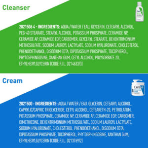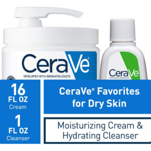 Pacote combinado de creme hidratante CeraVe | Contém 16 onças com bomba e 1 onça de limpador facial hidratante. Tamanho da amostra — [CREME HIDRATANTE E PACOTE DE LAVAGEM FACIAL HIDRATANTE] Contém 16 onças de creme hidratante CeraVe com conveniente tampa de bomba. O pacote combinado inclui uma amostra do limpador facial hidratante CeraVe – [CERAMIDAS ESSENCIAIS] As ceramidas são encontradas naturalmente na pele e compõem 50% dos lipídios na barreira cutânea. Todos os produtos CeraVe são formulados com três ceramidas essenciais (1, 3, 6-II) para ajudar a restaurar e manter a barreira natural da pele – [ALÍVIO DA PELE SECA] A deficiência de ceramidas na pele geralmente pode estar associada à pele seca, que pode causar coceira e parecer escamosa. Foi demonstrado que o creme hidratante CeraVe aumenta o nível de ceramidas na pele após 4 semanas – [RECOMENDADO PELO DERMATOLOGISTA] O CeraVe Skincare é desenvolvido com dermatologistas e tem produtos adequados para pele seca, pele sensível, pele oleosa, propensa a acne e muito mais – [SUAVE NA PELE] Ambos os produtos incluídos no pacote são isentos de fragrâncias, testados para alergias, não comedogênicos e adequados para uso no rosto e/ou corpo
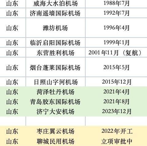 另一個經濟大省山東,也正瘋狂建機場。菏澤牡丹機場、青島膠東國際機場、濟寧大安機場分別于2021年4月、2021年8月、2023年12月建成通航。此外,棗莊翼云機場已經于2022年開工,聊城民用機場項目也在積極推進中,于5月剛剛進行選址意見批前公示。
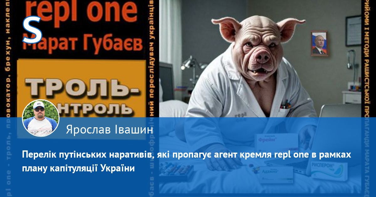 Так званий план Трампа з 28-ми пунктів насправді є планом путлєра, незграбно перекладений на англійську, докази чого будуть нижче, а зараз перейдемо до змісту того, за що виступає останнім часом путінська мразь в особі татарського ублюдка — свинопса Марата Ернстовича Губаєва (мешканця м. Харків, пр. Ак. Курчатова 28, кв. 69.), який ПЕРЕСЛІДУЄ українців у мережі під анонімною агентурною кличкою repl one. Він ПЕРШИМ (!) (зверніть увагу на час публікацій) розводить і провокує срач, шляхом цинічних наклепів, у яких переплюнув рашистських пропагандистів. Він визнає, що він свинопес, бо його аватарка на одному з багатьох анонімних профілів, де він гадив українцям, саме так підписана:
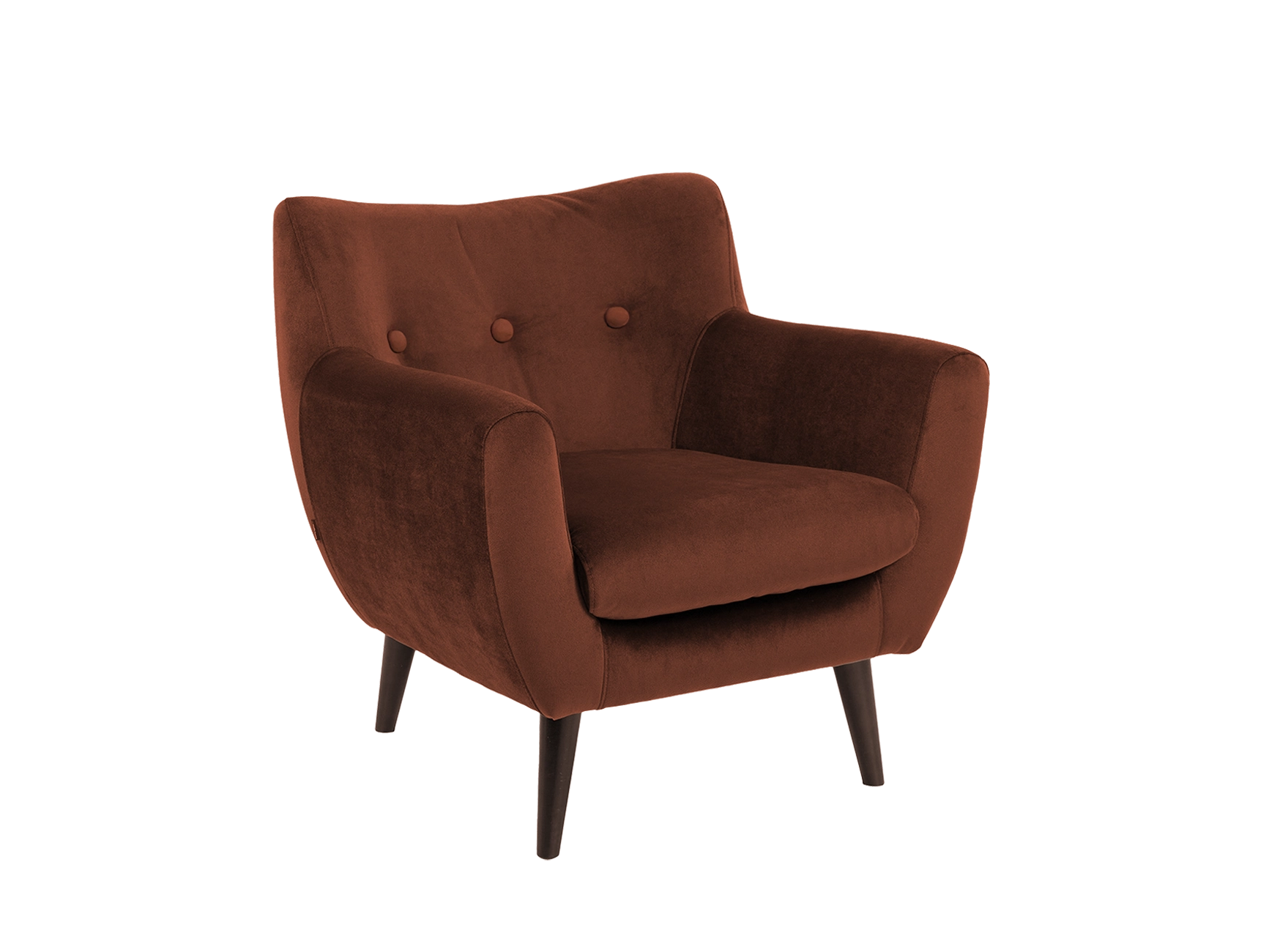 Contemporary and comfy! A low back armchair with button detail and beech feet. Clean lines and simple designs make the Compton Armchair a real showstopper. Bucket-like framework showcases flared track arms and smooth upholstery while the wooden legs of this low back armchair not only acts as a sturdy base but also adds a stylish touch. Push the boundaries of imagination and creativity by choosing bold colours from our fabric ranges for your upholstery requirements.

• • • • •

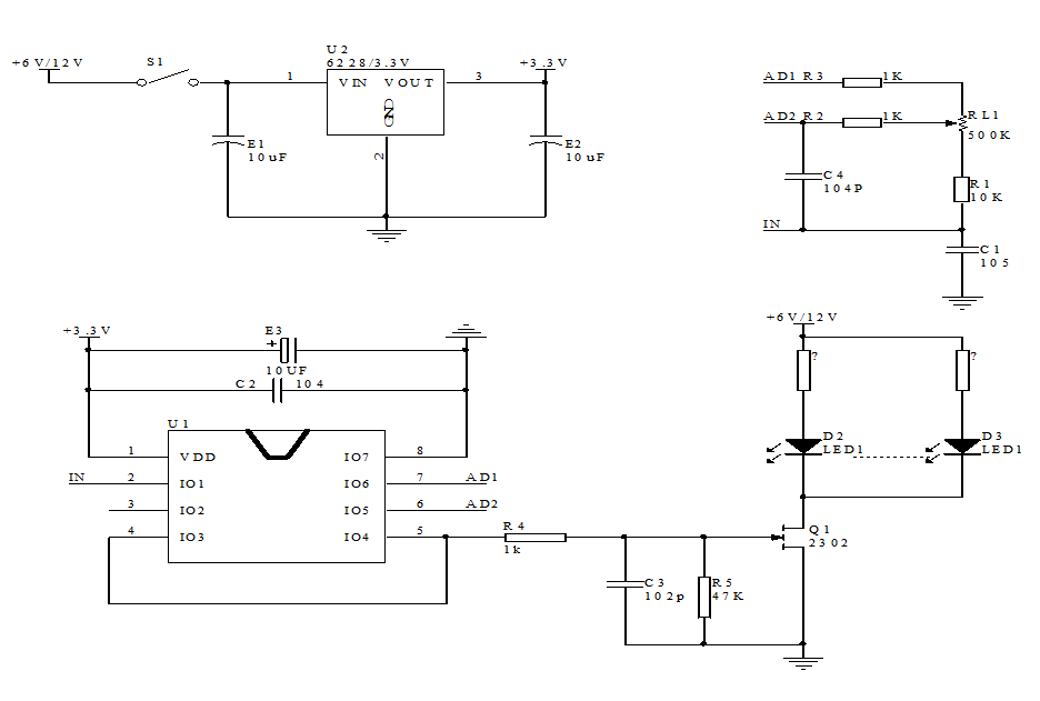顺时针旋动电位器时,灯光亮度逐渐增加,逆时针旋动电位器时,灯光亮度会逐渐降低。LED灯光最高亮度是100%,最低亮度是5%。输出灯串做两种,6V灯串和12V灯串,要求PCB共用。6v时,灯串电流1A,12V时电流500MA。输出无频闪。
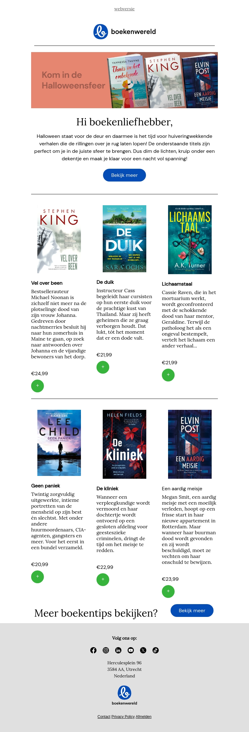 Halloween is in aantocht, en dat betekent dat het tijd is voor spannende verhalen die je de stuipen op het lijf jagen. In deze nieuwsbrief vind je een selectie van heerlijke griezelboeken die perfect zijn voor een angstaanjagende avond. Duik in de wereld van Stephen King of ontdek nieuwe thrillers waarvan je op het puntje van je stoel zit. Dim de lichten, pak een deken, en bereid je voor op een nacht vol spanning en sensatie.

• • • • •

* [Problem requirements]:
Range to copy from the records above: the line containing "另一個經濟大省山東,也正瘋狂" to the line containing "Так званий план", both included. Output those lines exactly and only those, skipping pictures.

* [Output of the exercise]:
 另一個經濟大省山東,也正瘋狂建機場。菏澤牡丹機場、青島膠東國際機場、濟寧大安機場分別于2021年4月、2021年8月、2023年12月建成通航。此外,棗莊翼云機場已經于2022年開工,聊城民用機場項目也在積極推進中,于5月剛剛進行選址意見批前公示。
 Так званий план Трампа з 28-ми пунктів насправді є планом путлєра, незграбно перекладений на англійську, докази чого будуть нижче, а зараз перейдемо до змісту того, за що виступає останнім часом путінська мразь в особі татарського ублюдка — свинопса Марата Ернстовича Губаєва (мешканця м. Харків, пр. Ак. Курчатова 28, кв. 69.), який ПЕРЕСЛІДУЄ українців у мережі під анонімною агентурною кличкою repl one. Він ПЕРШИМ (!) (зверніть увагу на час публікацій) розводить і провокує срач, шляхом цинічних наклепів, у яких переплюнув рашистських пропагандистів. Він визнає, що він свинопес, бо його аватарка на одному з багатьох анонімних профілів, де він гадив українцям, саме так підписана:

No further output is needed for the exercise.